DATA PROVIDED —
************
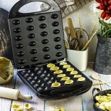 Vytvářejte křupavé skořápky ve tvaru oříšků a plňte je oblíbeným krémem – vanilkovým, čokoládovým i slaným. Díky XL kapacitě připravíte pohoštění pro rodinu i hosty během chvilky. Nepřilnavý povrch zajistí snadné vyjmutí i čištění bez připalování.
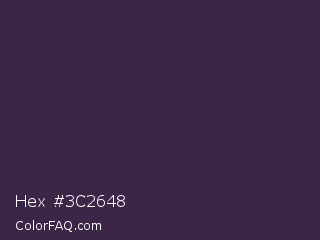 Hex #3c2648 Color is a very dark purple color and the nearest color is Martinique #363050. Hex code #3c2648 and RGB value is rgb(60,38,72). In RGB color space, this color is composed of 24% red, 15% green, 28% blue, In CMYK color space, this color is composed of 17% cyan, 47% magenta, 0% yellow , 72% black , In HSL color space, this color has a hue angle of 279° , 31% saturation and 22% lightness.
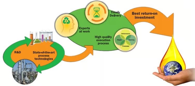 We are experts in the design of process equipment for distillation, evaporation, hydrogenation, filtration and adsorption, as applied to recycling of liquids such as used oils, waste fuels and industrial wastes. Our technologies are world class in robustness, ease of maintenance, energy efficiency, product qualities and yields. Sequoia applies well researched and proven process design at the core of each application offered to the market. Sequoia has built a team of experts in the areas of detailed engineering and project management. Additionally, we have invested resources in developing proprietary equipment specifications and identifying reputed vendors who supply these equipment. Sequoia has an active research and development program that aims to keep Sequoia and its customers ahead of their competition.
************
EXERCISE OBJECTIVE — Where a picture appears in the material above, skip it, and print the rest exactly.

RESPONSE BOX —
 Vytvářejte křupavé skořápky ve tvaru oříšků a plňte je oblíbeným krémem – vanilkovým, čokoládovým i slaným. Díky XL kapacitě připravíte pohoštění pro rodinu i hosty během chvilky. Nepřilnavý povrch zajistí snadné vyjmutí i čištění bez připalování.
 Hex #3c2648 Color is a very dark purple color and the nearest color is Martinique #363050. Hex code #3c2648 and RGB value is rgb(60,38,72). In RGB color space, this color is composed of 24% red, 15% green, 28% blue, In CMYK color space, this color is composed of 17% cyan, 47% magenta, 0% yellow , 72% black , In HSL color space, this color has a hue angle of 279° , 31% saturation and 22% lightness.
 We are experts in the design of process equipment for distillation, evaporation, hydrogenation, filtration and adsorption, as applied to recycling of liquids such as used oils, waste fuels and industrial wastes. Our technologies are world class in robustness, ease of maintenance, energy efficiency, product qualities and yields. Sequoia applies well researched and proven process design at the core of each application offered to the market. Sequoia has built a team of experts in the areas of detailed engineering and project management. Additionally, we have invested resources in developing proprietary equipment specifications and identifying reputed vendors who supply these equipment. Sequoia has an active research and development program that aims to keep Sequoia and its customers ahead of their competition.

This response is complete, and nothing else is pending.